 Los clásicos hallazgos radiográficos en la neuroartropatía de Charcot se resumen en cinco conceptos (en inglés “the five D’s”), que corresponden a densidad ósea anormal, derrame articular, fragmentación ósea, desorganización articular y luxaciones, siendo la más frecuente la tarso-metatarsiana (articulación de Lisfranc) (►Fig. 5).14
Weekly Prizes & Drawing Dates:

==

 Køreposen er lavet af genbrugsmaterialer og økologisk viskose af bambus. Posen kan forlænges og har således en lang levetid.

--

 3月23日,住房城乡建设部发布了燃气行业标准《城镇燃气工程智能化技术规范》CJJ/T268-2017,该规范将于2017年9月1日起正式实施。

*TASK TO CARRY OUT*. From the records above, retype only the lines starting at the line that contains "Los clásicos hallazgos" and ending at the line that contains "Weekly Prizes &", both included.

*WRITTEN SOLUTION*.
 Los clásicos hallazgos radiográficos en la neuroartropatía de Charcot se resumen en cinco conceptos (en inglés “the five D’s”), que corresponden a densidad ósea anormal, derrame articular, fragmentación ósea, desorganización articular y luxaciones, siendo la más frecuente la tarso-metatarsiana (articulación de Lisfranc) (►Fig. 5).14
Weekly Prizes & Drawing Dates:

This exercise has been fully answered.